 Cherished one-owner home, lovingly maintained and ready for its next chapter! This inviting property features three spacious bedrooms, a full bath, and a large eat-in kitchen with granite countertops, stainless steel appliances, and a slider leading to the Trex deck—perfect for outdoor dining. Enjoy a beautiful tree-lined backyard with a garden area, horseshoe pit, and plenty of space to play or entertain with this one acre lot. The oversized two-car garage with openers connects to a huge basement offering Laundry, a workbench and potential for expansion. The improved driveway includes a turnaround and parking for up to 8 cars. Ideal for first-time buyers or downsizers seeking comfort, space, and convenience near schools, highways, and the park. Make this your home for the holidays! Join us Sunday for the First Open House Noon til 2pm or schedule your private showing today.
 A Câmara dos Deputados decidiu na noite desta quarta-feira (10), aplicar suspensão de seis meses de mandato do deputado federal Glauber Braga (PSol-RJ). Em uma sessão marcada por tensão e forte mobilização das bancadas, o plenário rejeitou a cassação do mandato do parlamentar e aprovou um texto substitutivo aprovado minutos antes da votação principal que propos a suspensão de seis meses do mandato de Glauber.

---

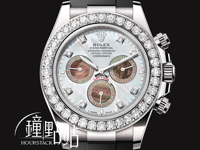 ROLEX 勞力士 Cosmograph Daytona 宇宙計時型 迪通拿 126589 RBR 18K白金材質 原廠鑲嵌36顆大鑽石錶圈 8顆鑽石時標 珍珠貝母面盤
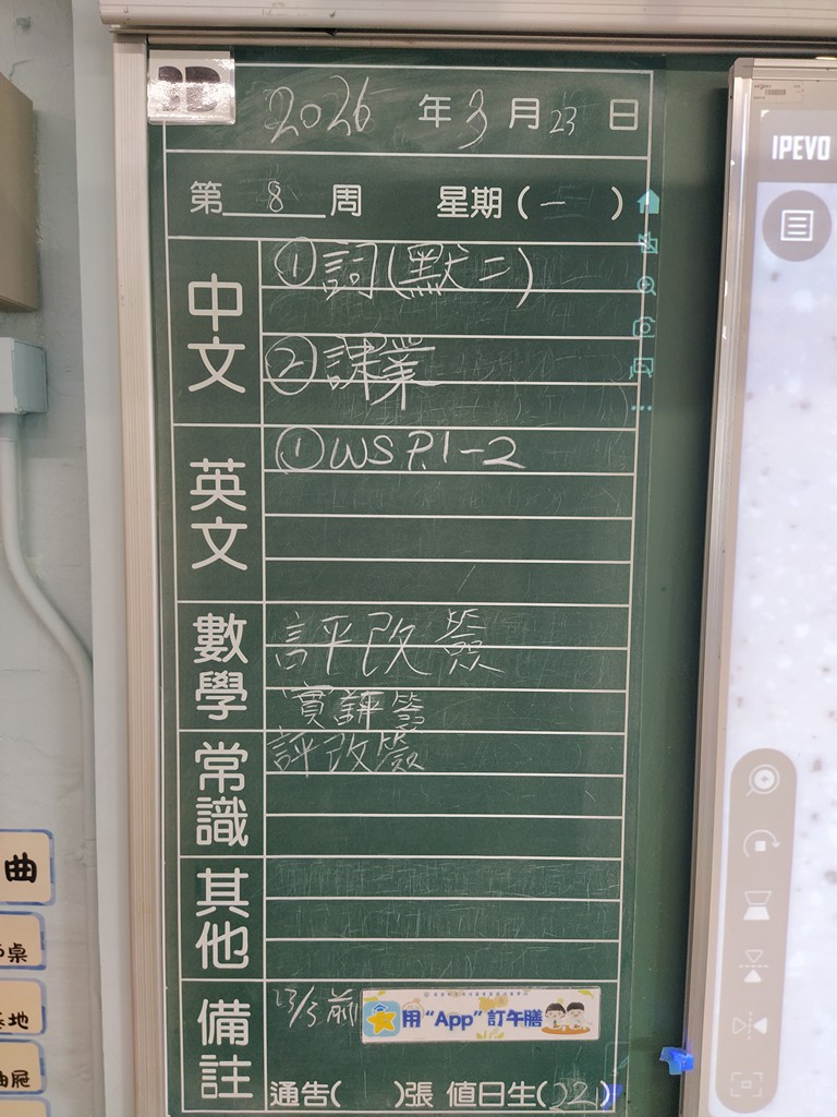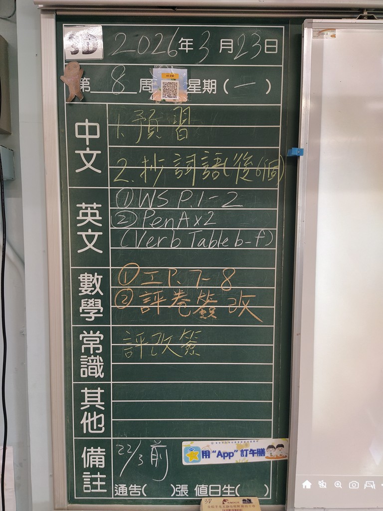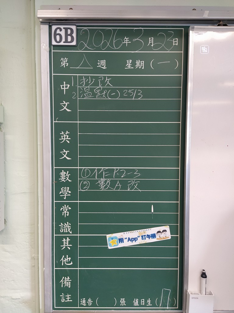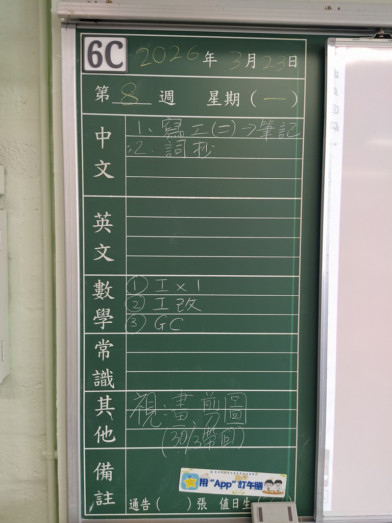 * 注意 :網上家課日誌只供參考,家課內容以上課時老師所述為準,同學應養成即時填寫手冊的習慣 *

...

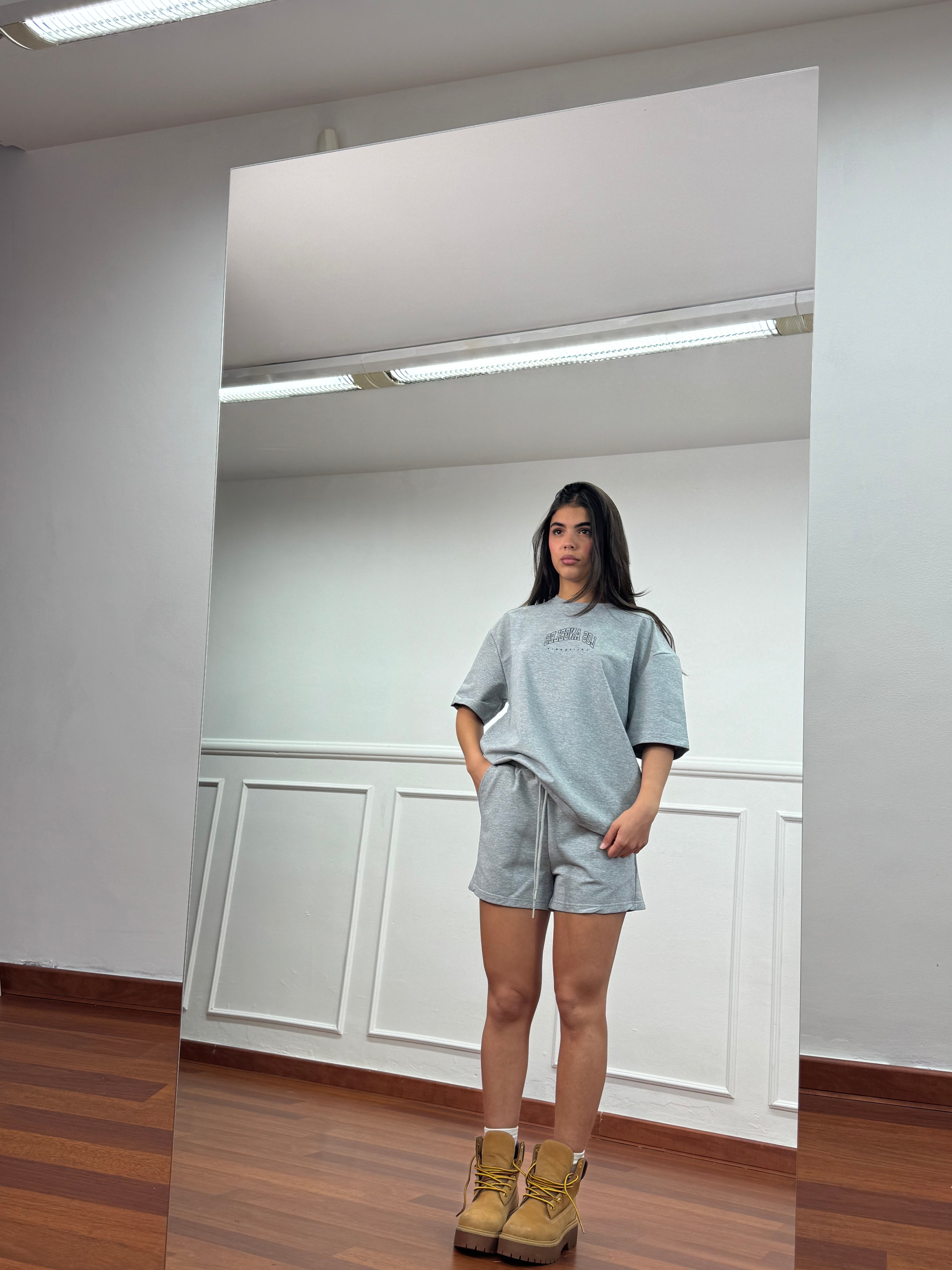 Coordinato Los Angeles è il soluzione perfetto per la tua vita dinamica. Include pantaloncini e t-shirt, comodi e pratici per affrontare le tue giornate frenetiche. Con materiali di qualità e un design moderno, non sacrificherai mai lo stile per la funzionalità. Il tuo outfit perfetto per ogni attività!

What the task asks
Beginning with the line that contains "ROLEX 勞力士 Cosmograph", write out the lines of the material above exactly, and end with the line that contains "注意 :網上家課日誌只供參考,家課內容以上課時老師所述為準,同學應養成即時填寫手冊的習慣 *". Omit the pictures.

Answer to the exercise
 ROLEX 勞力士 Cosmograph Daytona 宇宙計時型 迪通拿 126589 RBR 18K白金材質 原廠鑲嵌36顆大鑽石錶圈 8顆鑽石時標 珍珠貝母面盤
 * 注意 :網上家課日誌只供參考,家課內容以上課時老師所述為準,同學應養成即時填寫手冊的習慣 *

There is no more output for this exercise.